“Textbook Slowdown” Forces Long Lines and Waits at Manhattan Courthouses, Lawyers Say

Judges, lawyers and taxpayers who visit certain Manhattan courthouses say court officers are trying to make a statement during a contract negotiation by slowing down public access to courts.

The head of the court officers union, which has been without a contract for two years, said there is no organized job action, but said increased security, short staffing and low morale are causing longer lines and longer waits.

Families and attorneys say they are the ones paying the price, enduring long lines in the rain and cold, and even missing vital court appearances in Family Court. The waiting wasn't an issue months ago and there has been no official policy or staffing change.

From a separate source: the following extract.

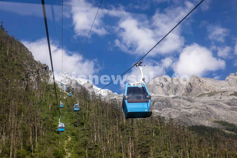 2022年7月5日,游客在玉龙雪山景区乘坐索道缆车游览。

Numerous attorneys, court employees and judges tell the I-Team that they suspect court officers are engaging in what's known as a "textbook slowdown," where officers perform all procedures by the book to slow the process and make a statement. 

The head of the New York State Court Officers Association Dennis Quirk said "it's not a textbook slowdown."

Attorneys who do business at the courthouses say the slowdown is kind of an open secret. New Yorkers say lines are getting longer as security checks stretch on and on.

"I had a 9:30 [court hearing] and didn't get inside until 10:15," said Sarah Hill, adding that a adoption procedure had to be delayed for weeks.

Other court patrons noticed procedure changes.

“They’re searching everything,” said Shakia Johnson of the more thorough and time consuming searches. "You gotta take off your belt, your earrings, your watch.”

Many complain of long lines where none had existed before. 

“It feels like it’s a slowdown or something like they’re purposely taking their time getting us in the door," said Candace Johnston outside of Manhattan Family Court.

Quirk said the the officers are just doing their job in a dangerous world, attributing the problem to security, staffing issues and morale problems.

"Because of the shortages of staff, people have difficult times getting the day off if they wanna see their child in a Christmas show," said Dennis Quirk, the union boss. Quirk denied that lawyers or members of the public were missing court hearings. 

The spokesman for the state courts said the delays were cause for concern.

 "It would be really unfortunate intentionally keeping people out in court or causing them to be late for court appearances especially in Family Court," said courts spokesman David Bookstaver.